The relationship of Ohmura and others (Reference Ohmura, Kasser and Funk1992), subsequently Ohmura and Boettcher (Reference Ohmura and Boettcher2018), is the one most widely utilised to convert palaeotemperature to palaeoprecipitation at the ELA, so this is used to assess the effect of the ΔT _ELA identified above. From Ohmura and Boettcher (Reference Ohmura and Boettcher2018):

(1)$$P = a + bT + cT^2$$

where at the ELA, T is the mean summer air temperature (J, J, A in the Northern Hemisphere), P is the annual precipitation, a = 966, b = 230 and c = 5.87. As this relationship is a second order polynomial, the implications of ΔT _ELA on palaeoprecipitation (ΔPP_ELA) will vary, depending on T. Table 4 shows the effect of ΔT _ELA, calculated for the uncertainty associated with global AABR and AAR, on ΔPP_ELA for a range of T from 1 to 8°C, which is appropriate and representative of many alpine environments. As an example, T = 4°C gives an annual precipitation of 2098.9 mm a⁻¹ and±ΔT _ELA (±0.42°C for the global AABR), gives an annual precipitation of 2098.9 ± 119 mm a⁻¹, ~±5.7%. For the mean summer temperature range, 1–8°C, the ΔPP_ELA ranges between ±104 and 141 mm a⁻¹ (±4.2–8.1%) (Table 4). This level of uncertainty is relatively small, and this approach remains one of the few proxies able to quantify palaeoprecipitation.

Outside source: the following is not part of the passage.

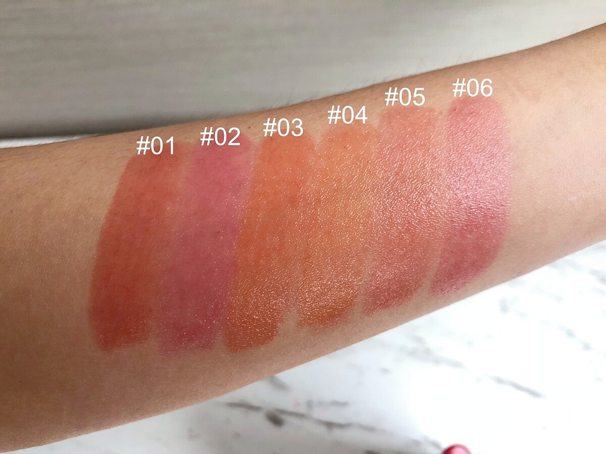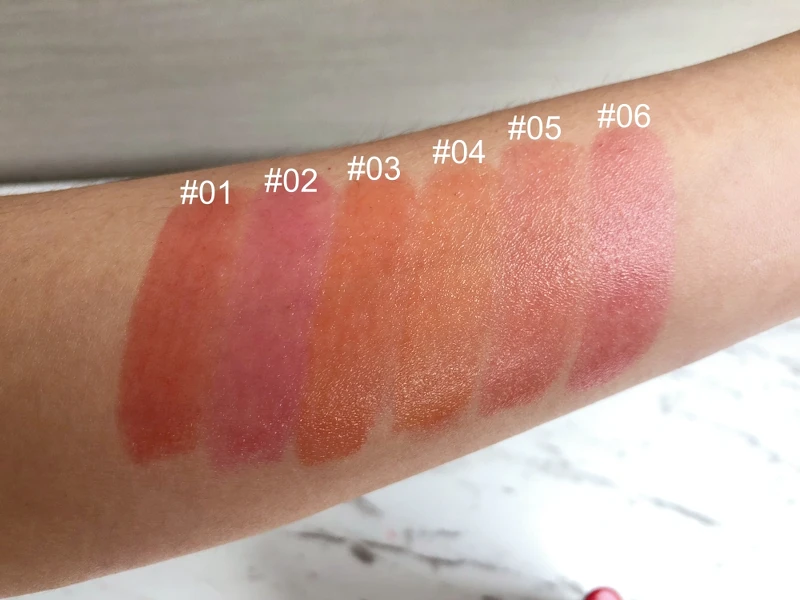 色號,共6色:01蜜紅、02淨粉、03杏橙、04橙橘、05珊瑚(花嫁色)、06玫紅

Table 4. Effect of the elevation difference between measured and c-ELAs converted to precipitation at the ELA (ΔPP_ELA) in mm a⁻¹ and as a percentage of total precipitation for the global median and global mean AABRs and global AAR

Precipitation varies as a polynomial function of mean summer temperature (T) so a range of T (1−8°C), representative of alpine environments are provided by way of example.

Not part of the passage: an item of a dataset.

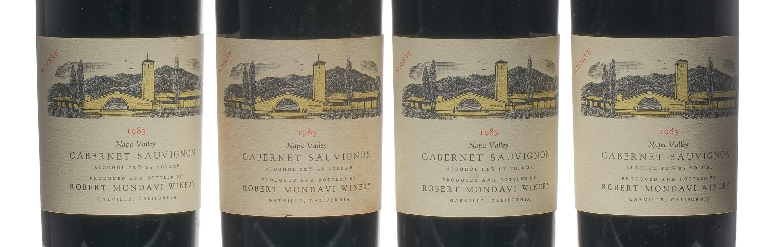 Reserve. Fill Level = Base Neck/Top Shoulder. Foil and label good to very good. Foil degraded on two bottles. Wine California Napa Valley Robert Mondavi Winery USA Napa Valley Cabernet Sauvignon 1983 4 750ml

It has been demonstrated that the regional AABRs for the European Alps and the North America West Coast provide a better estimate for the znb-ELAs but the improvement for Scandinavia is very small (Table 3). Taking the uncertainty of these regional AABR values and a mean summer temperature of 4°C, gives an ΔT _ELA and an ΔPP_ELA of ±0.33°C and 92.5 mm a⁻¹, ±0.31°C and 85.2 mm a⁻¹, ±0.45°C and 126.3 mm a⁻¹ and ±0.65°C and 182.5 mm a⁻¹, respectively, for Scandinavia, the North America West Coast, the European Alps and Central Asia. The decision to use a regional AABR value is more difficult for palaeoglaciers. To do so, makes the implicit assumption that the mass-balance regime in the past was the same as the present-day. It would seem reasonable to use the regional AABRs for Holocene reconstructions unless there was a known and significant difference in the environment relative to the present, for example a contrasting sea ice cover up-wind of the region. Beyond the Holocene, where the boundary conditions relevant to the mass-balance regime are more likely to have been substantially different, it may be more prudent to apply the global median AABR and/or AAR for palaeoglacier-climate studies.

The global mean AABR value of 1.75 reported by Rea (Reference Rea2009) has been widely used in palaeoglacier-climate studies. It has been demonstrated here that the mean is statistically invalid, so the global median AABR of 1.56 should be used for future palaeoglacier ELA calculations. However, Tables 1 and 3 show that using the median AABR makes only a minor improvement in terms of the overall uncertainty, and so is unlikely, in the vast majority of cases, to change the palaeoglacier ELAs calculated previously using the global mean AABR. This will concomitantly make little difference in subsequent palaeoclimate calculations; therefore, authors need not systematically revisit all their previous studies. The only exception to this might relate to glaciers with significantly skewed hypsometry e.g. where a large portion of the accumulation and/or ablation areas lie close to the upper or lower elevation range. In these instances, palaeoglacier ELAs, calculated using the global mean AABR, may alter significantly if the global median AABR (1.56) is used.